Paralisação de professores municipais pode acontecer

Paralisação de professores municipais pode acontecer Fonte da Foto: arquivo

De acordo com os professores da rede municipal, o Prefeito de Avaré, Jô Silvestre, insiste em ignorar as leis 216/16 e 2007/16, não procedendo com a progressão de carreira do magistério municipal, apesar das informações de que o FUNDEB possui os recursos necessários para o cumprimento da lei; o prefeito em reunião com sindicato e professores em 2018 firmou o compromisso de diminuir o limite prudencial da folha para cumprir com o que é de direito dessa classe tão importante e tão desrespeitada, porém não cumpriu com o acordo registrado em ata e assinado por ele e seus secretários.

Há algumas semanas, professoras que representam a classe solicitaram audiência com o prefeito, porém foram orientadas a buscar atendimento com o secretário Ronaldo Guardiano da Administração. Este informou que, de maneira nenhuma, a progressão de carreira ocorreria neste ano e, mesmo sendo de conhecimento público que os professores são remunerados com verbas federais, tentou de forma vaga justificar por impacto causado na folha de pagamento pelos servidores afastados que até então recebiam pelo AVAREPREV e que agora recebem pelo executivo municipal. Todavia, informações dão conta de que as verbas do FUNDEB, bem aplicadas e eticamente administradas, poderiam resolver a questão sem impactos significativos no caixa da educação. Essa mesma explicação o Secretário Ronaldo Guardiano deu ao Jornal do Ogunhê na tarde ontem.
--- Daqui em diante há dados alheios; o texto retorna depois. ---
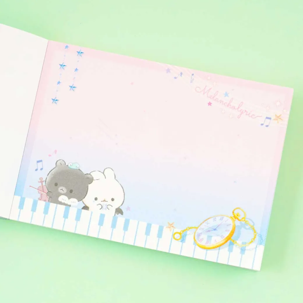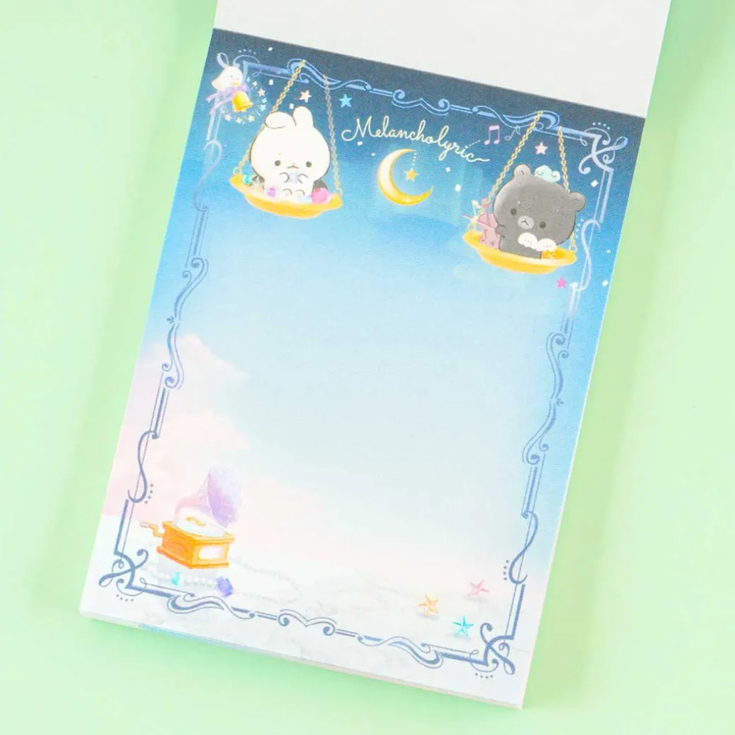 Write your reminders inside this super cute memo pad! It’s decorated with prints of Amo the angel bear and Satan the evil rabbit simply listening to music during nighttime.

Diante da falta de diálogo, que sempre permeou o governo de Jô Silvestre, assim como o desrespeito total ao plano de carreira do magistério, professoras municipais serão recebidas no Sindicato dos Servidores Públicos Municipais pelo presidente Leonardo, seu corpo jurídico e diversos profissionais de imprensa da região em reunião marcada para a próxima terça-feira dia 21 de janeiro às 9h para discutir a possibilidade de não iniciarem suas atividades laborais no próximo dia 03 de fevereiro, inicio do calendário escolar municipal.

As professoras sabem da importância de suas atuações para a sociedade e o quanto essa data é esperada pelas famílias e crianças, pedem o apoio e a compreensão da sociedade avareense pois a mais de 3 anos elas lutam para que tenham um direito que é assegurado por lei garantido, mas o descaso do Prefeito e de seus secretários é tão latente que não há alternativas a não ser uma possível paralisação dos trabalhos para chamar a atenção da população e dos veículos de comunicação para o caso.

Nota da redação: O Jornal do Ogunhê também ouviu o secretário de Administração Ronaldo Guardiano, cuja explicação já está inserida no contexto, pois o que ele enviou ao jornal se trata do mesmo assunto nessa matéria narrado por professores que conversaram com o secretário. Mesmo assim, vamos na terça feira publicar a versão enviada para que a população avareense possa entender melhor a versão do secretário.